SM PRIME Holdings Inc., the Philippines’ biggest shopping mall developer and operator, posted a 9-percent growth in consolidated net income to P4.7 billion in the first nine months.
It said revenues grew 10 to P12.8 billion during the same period, while Ebitda (earnings before interest, tax, depreciation and amortization) also rose by 10 percent to P8.9 billion for an Ebitda margin of 69 percent.
The results included the operations of the three SM malls in China following their acquisition late last year. The SM China malls are located in the cities of Xiamen and Jinjiang in Southern China and Chengdu in Central China.

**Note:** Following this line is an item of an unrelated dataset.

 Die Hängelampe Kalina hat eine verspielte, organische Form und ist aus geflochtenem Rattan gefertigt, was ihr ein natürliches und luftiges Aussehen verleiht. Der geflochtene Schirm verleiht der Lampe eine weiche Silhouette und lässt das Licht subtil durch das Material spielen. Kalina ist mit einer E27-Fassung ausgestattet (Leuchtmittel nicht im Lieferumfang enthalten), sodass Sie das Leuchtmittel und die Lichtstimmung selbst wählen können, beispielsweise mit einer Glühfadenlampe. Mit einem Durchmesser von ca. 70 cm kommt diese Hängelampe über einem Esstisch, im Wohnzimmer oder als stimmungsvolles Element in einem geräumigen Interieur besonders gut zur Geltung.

SM Prime president Hans T. Sy said it was very encouraging to see steady growth in SM Prime’s operations this year on the back of a very challenging business climate.

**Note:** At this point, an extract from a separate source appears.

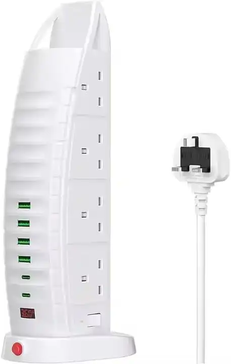 amazon.comTower Extension Lead with USB and Type-C – 8 Way Outlets, 6 USB Ports (4 USB-A, 2 TYPE-C), 2M Cable, Surge Protector, Vertical Power Strip with Independent Switches for Home Office Desk Use
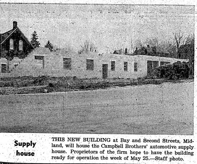 - Free Press Herald headline of May 6, 1959; Hardware Firm to Build $100,000 Building. Adding fuel to Midland’s current building boom, the erection of a brand new store, and warehouse for F. W. Jeffery and Sons Ltd, dealers in hardware in Midland for more than 60 years, was made official this week. The estimated cost of the new building, located at Dominion Ave. and First Street, one block west of the present location, is around $100,000. Nap Beauchamp Construction Company, Midland, is the contractor. Names of the successful sub-contractors have not been announced as of yet. The main store portion of the new building will be of one-storey cement block construction, measuring 50 by 100 feet. The warehouse, forming the foot of an “L” at the northwest corner, will be two storeys and will measure 40 by 20 feet. Weir-Cripps and Associates are the architects. The layout of the main store has been planned by the Versa-Flex Company; specialists in the hardware store field. Work got underway the last week of April on clearing a portion of the site of the ancient trees which have sheltered Dominion Ave. for generations. The warehouse is scheduled for completion May 31 and the main store by July 15. Also to be torn down to make way for the outdoor selling area and the parking lot is the old Ingram house, another Midland landmark for several decades. Work on tearing down the huge old home will not start until June. Founded sometime prior to 1900, the firm erected its own building at Dominion Ave. and King Street in 1901. In 1914 the present company of F. W. Jeffery and Sons Ltd., was founded. The sons were the late Edward Jeffery Sr., Todd Jeffery, and the late Fred Jeffery. In 1954 the building was sold to the Jeffery Holding and Development Co. Ltd. Actively heading the firm at present are Mrs. Hazel Jeffery as president and her two sons, William and Edward, as secretary and vice-president, respectively.

‘We feel fortunate that Asia appears to be in a much better position to weather the global financial turmoil,’ he said.
From January to September, rental fees still accounted for the biggest share of SM Prime’s consolidated revenues at P11.1 billion, up 14 percent year-on-year. The increase came from both same-store rental growth and from additional floor space generated by new malls, namely SM City Marikina last September, and SM City Bacolod, SM City Taytay and SM Supercenter Muntinlupa in 2007. In addition, three existing malls expanded last year. These are SM City Pampanga, SM City Cebu and SM Mall of Asia. Combined, the new malls and expansions added 475,000 square meters to SM Prime’s total gross floor area. The average occupancy rate for the new malls now stands at 94 percent.